= Australian Public Policy Institute =

Australian think tank

The Australian Public Policy Institute is an independent public policy institute in Australia, previously named the James Martin Institute for Public Policy.

The Institute is based in Sydney and Canberra, Australia and was established in 2021 as a government and university joint venture between the New South Wales Government and three Australian universities: the University of Sydney, University of Technology Sydney, and Western Sydney University. The University of New South Wales, Charles Sturt University and the University of Wollongong have since joined the partnership.

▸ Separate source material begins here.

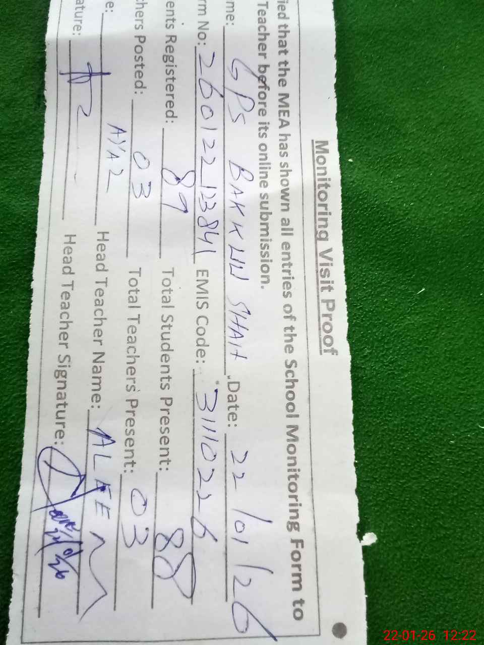 | EMIS Code: 31110226 | Name of School: GPS BAKHU SHAH NO.2 | |||

The Institute aims to promote evidence-based policy in Australia. APPI was included in an analysis of evidence institutes around the world undertaken by the Paul Ramsay Foundation, and its research has been referenced in Parliamentary reports and testimony in government enquiries. It has also been referenced as a possible alternative to government contracting for external consultants.

Its recent projects include child protection and out-of-home care reforms, Australian Government reforms for funding university teaching and scholarship, support for the New South Wales Anti-Slavery Commissioner on the office’s Strategic Plan and the regulation and governance of artificial intelligence. The Institute offers an annual round of grants to university research teams. Recent successful projects have explored facial recognition technology, Indigenous-led climate solutions, and electric vehicle uptake. It also offers fellowship opportunities for projects focused on housing, increasing productivity in manufacturing, and other government policy priorities.

APPI hosts public conferences including the annual Oration, last delivered by Australian Governor-General Sam Mostyn AC and previously by former Premier Dominic Perrottet.

The Institute is led by Libby Hackett, former CEO of UK's University Alliance. The Chair of the Board is Peter Varghese AO, former Secretary of the Australian Department of Foreign Affairs and Trade.